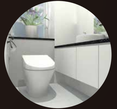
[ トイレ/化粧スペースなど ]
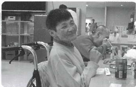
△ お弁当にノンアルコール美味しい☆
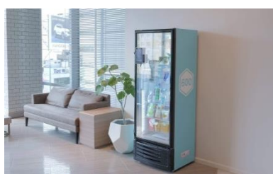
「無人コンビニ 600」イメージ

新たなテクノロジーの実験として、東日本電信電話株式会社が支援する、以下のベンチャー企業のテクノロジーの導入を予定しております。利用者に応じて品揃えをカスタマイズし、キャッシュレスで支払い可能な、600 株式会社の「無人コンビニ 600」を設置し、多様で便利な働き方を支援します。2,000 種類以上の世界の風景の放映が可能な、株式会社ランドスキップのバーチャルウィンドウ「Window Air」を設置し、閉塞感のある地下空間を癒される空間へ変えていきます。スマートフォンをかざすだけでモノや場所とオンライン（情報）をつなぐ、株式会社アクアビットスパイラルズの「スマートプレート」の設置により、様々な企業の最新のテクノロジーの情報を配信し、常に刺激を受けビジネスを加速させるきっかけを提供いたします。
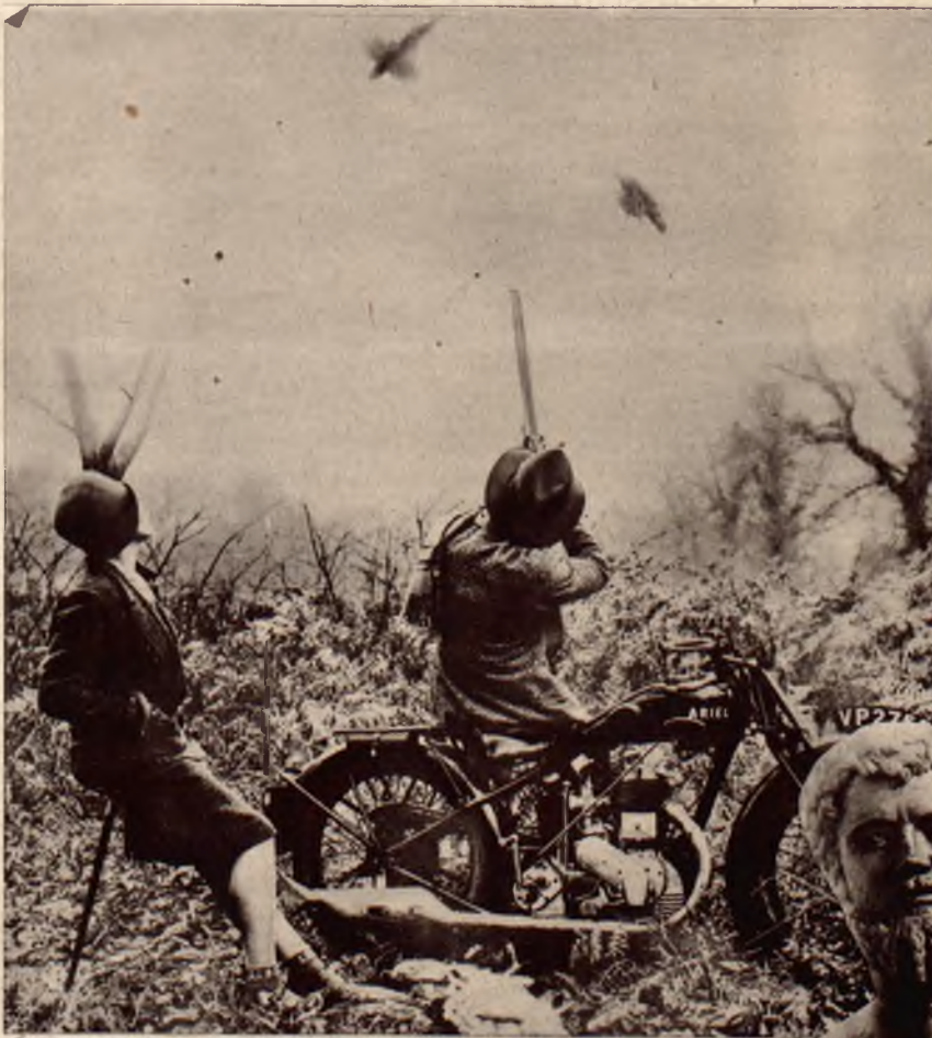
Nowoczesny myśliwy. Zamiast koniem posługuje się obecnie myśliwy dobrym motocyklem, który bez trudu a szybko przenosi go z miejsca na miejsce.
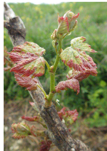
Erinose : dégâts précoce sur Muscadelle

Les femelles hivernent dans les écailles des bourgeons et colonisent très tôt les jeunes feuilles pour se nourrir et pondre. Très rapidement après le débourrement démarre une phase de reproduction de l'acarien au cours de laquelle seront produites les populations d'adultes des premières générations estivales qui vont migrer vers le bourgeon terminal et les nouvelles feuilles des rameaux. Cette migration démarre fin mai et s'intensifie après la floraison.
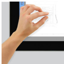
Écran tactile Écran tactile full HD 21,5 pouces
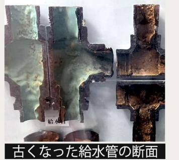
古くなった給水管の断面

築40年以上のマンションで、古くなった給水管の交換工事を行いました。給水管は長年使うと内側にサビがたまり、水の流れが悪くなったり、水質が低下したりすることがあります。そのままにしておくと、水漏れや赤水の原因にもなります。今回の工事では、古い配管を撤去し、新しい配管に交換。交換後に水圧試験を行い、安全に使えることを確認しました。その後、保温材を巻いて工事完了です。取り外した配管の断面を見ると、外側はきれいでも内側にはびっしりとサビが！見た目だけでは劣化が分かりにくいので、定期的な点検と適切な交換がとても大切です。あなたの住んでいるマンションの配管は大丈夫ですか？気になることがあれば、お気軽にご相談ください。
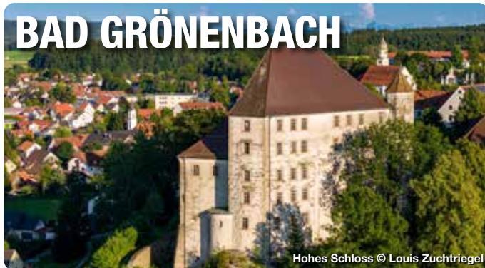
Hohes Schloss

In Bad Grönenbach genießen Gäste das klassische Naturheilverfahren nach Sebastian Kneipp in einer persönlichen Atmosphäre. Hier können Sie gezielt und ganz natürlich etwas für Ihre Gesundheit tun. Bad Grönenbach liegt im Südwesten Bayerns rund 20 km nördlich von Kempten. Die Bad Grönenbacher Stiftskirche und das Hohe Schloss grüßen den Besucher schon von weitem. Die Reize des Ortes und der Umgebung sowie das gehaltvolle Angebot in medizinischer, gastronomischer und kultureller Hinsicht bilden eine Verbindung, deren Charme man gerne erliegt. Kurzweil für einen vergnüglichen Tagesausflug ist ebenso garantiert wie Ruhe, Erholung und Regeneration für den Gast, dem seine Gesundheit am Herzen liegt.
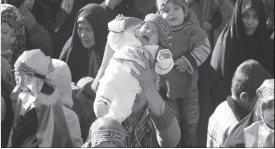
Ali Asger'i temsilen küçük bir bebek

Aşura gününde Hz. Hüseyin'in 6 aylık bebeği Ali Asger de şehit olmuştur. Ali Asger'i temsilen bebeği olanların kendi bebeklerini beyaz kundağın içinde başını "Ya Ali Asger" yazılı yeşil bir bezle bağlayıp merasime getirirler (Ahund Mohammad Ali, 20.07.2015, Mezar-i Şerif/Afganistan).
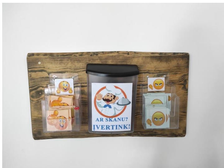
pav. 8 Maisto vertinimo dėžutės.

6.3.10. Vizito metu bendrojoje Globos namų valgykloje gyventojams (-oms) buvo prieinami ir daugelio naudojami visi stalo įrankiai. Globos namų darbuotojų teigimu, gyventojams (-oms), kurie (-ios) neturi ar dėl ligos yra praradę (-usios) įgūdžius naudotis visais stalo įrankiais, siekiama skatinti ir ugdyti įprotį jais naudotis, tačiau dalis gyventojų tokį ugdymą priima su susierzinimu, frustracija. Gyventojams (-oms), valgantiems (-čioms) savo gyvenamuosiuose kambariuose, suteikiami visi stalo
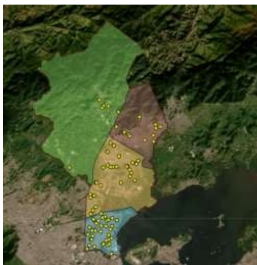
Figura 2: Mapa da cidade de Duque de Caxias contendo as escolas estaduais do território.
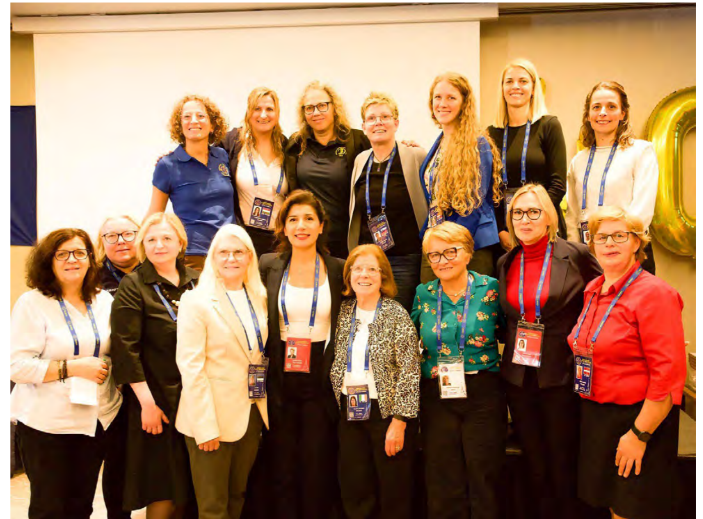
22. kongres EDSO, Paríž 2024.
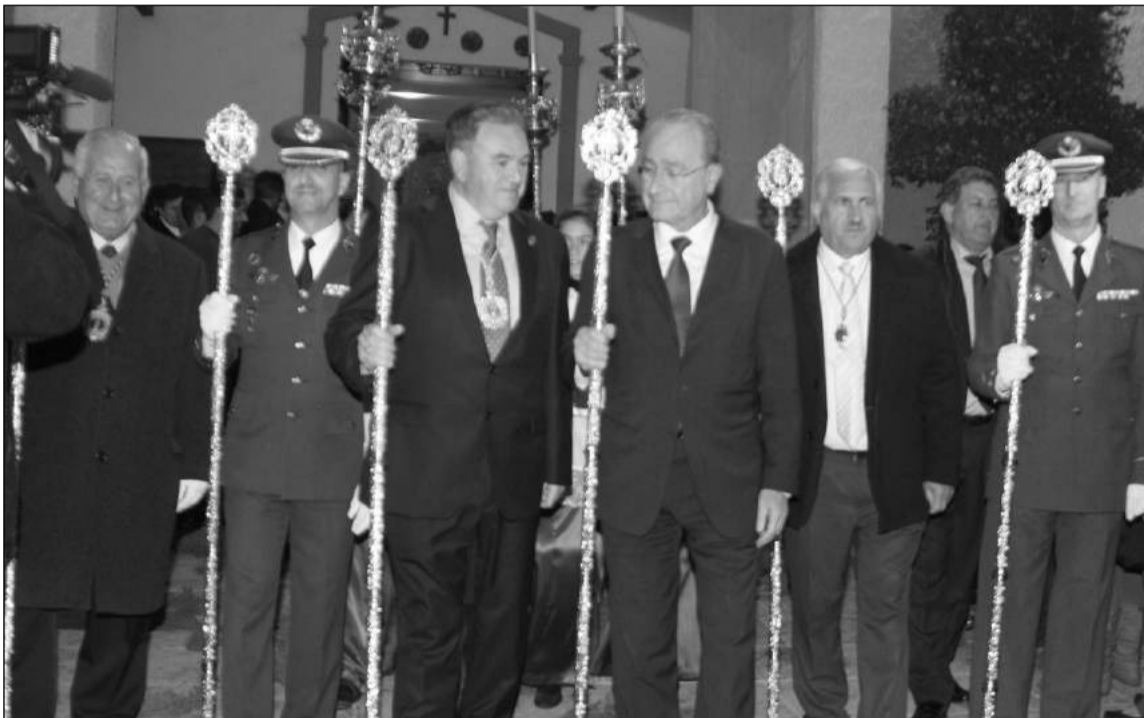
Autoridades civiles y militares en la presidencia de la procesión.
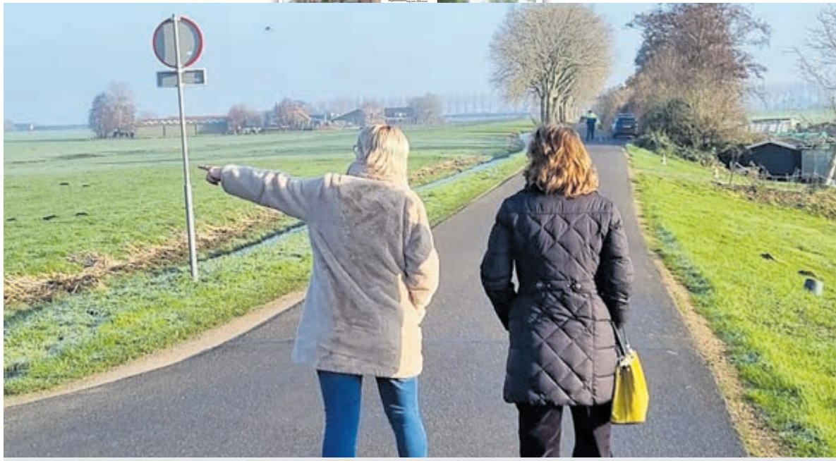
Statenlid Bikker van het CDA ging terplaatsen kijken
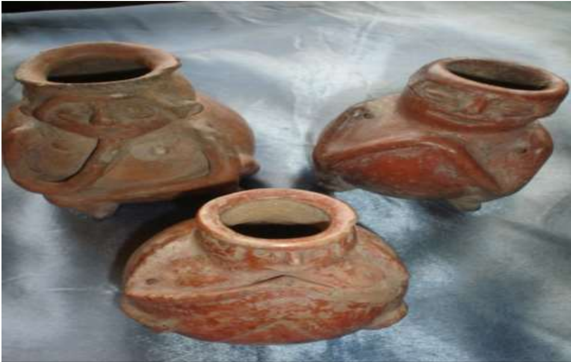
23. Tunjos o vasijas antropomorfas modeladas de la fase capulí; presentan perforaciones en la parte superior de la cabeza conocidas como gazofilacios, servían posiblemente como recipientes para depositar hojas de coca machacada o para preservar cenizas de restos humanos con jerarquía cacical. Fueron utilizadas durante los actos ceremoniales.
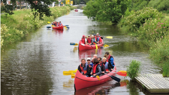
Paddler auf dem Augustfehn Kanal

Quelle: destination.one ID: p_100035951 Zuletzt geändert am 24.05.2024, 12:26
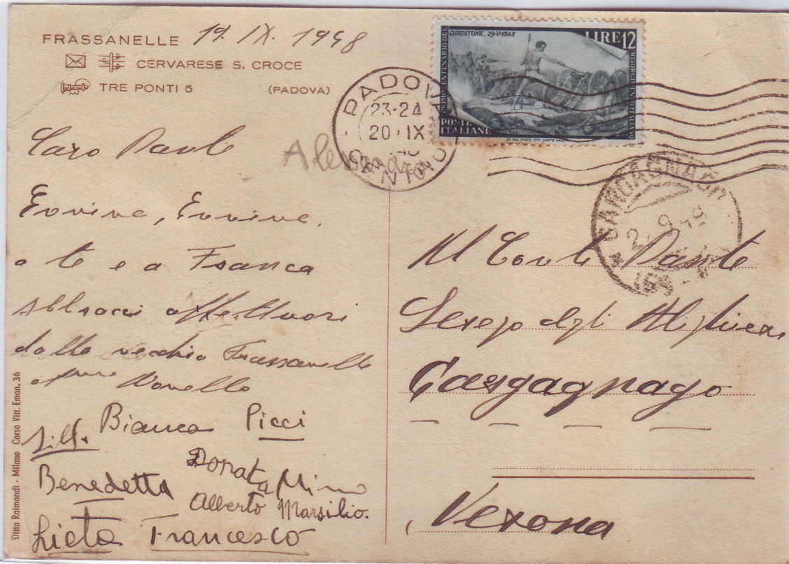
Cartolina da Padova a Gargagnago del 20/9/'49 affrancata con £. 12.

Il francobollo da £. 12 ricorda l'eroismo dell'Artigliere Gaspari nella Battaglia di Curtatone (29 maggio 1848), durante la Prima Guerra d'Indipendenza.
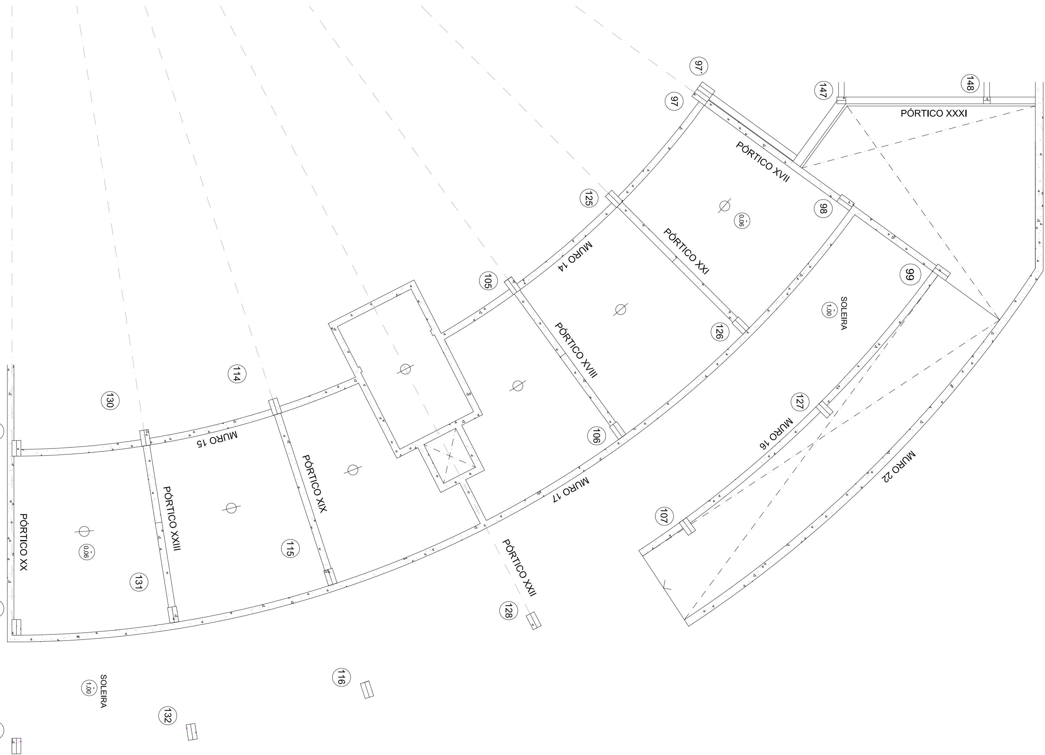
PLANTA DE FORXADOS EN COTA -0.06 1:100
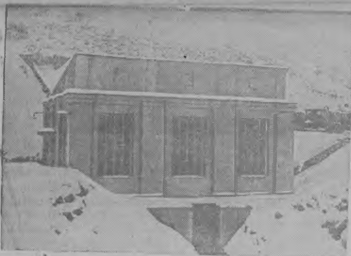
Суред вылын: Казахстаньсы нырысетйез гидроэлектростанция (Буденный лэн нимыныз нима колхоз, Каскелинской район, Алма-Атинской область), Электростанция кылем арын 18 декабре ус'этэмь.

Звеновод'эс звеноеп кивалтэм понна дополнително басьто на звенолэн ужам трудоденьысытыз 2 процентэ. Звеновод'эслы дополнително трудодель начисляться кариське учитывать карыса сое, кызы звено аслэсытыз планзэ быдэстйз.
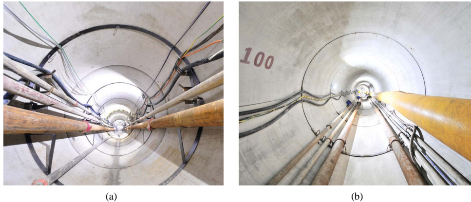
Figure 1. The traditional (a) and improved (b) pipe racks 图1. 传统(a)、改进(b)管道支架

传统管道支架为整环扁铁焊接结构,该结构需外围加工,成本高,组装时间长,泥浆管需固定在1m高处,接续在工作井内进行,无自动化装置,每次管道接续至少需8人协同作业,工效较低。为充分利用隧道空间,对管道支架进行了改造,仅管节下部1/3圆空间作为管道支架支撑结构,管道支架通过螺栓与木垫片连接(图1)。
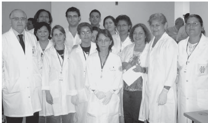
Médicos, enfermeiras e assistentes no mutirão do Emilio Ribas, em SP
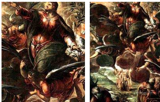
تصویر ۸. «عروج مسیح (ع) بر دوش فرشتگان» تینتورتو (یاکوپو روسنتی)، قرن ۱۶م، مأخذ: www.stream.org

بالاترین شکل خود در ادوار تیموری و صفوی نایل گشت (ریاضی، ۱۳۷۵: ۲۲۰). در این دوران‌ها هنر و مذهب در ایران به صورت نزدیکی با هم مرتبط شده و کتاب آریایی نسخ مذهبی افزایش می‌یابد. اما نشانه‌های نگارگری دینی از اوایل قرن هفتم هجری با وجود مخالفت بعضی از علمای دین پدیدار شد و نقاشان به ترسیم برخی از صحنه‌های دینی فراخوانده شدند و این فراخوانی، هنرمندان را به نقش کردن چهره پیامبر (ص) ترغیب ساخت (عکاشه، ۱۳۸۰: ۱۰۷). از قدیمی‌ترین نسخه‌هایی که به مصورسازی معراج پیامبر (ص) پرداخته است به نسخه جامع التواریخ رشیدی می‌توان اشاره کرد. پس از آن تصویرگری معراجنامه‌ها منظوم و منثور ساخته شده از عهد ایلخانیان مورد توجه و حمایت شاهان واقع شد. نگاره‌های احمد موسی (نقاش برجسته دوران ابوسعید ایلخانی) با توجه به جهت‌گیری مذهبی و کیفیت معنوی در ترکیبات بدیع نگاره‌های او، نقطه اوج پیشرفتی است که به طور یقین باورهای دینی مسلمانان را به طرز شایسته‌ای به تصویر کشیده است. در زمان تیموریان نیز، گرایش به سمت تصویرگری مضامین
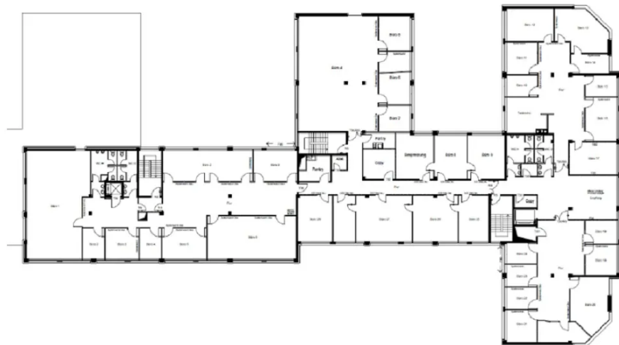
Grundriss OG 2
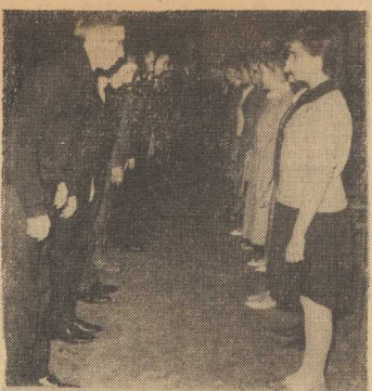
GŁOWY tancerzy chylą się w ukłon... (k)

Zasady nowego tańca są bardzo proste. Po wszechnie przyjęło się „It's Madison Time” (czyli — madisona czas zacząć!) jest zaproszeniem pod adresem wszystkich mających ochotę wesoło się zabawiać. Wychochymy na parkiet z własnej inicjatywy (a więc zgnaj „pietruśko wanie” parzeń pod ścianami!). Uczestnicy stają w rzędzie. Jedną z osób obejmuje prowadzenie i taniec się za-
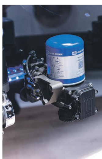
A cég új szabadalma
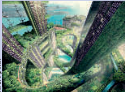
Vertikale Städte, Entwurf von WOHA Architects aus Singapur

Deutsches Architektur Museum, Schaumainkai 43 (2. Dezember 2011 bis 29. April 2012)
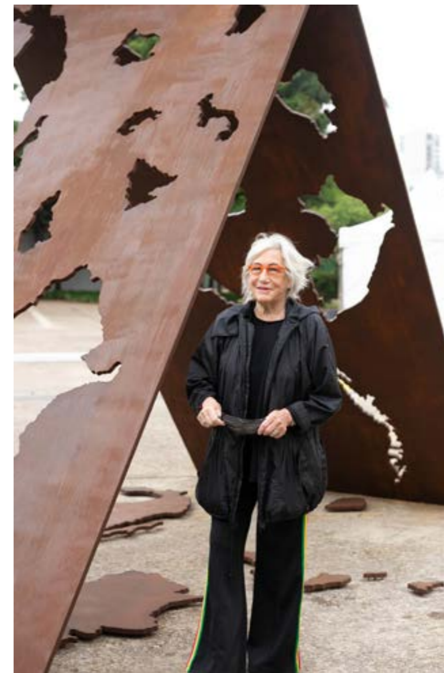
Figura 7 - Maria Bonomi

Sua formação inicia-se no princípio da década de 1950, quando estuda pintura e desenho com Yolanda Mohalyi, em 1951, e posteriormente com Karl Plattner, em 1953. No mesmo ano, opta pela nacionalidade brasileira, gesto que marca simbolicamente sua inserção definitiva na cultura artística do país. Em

== Task instructions ==
Reproduce exactly the lines of the data above that run from the line with "古くなった給水管の断面" down to the line with "Ali Asger'i temsilen küçük bir bebek", both ends included. Pictures do not belong in the copy.

== Exercise result ==
古くなった給水管の断面

築40年以上のマンションで、古くなった給水管の交換工事を行いました。給水管は長年使うと内側にサビがたまり、水の流れが悪くなったり、水質が低下したりすることがあります。そのままにしておくと、水漏れや赤水の原因にもなります。今回の工事では、古い配管を撤去し、新しい配管に交換。交換後に水圧試験を行い、安全に使えることを確認しました。その後、保温材を巻いて工事完了です。取り外した配管の断面を見ると、外側はきれいでも内側にはびっしりとサビが！見た目だけでは劣化が分かりにくいので、定期的な点検と適切な交換がとても大切です。あなたの住んでいるマンションの配管は大丈夫ですか？気になることがあれば、お気軽にご相談ください。
Hohes Schloss

In Bad Grönenbach genießen Gäste das klassische Naturheilverfahren nach Sebastian Kneipp in einer persönlichen Atmosphäre. Hier können Sie gezielt und ganz natürlich etwas für Ihre Gesundheit tun. Bad Grönenbach liegt im Südwesten Bayerns rund 20 km nördlich von Kempten. Die Bad Grönenbacher Stiftskirche und das Hohe Schloss grüßen den Besucher schon von weitem. Die Reize des Ortes und der Umgebung sowie das gehaltvolle Angebot in medizinischer, gastronomischer und kultureller Hinsicht bilden eine Verbindung, deren Charme man gerne erliegt. Kurzweil für einen vergnüglichen Tagesausflug ist ebenso garantiert wie Ruhe, Erholung und Regeneration für den Gast, dem seine Gesundheit am Herzen liegt.
Ali Asger'i temsilen küçük bir bebek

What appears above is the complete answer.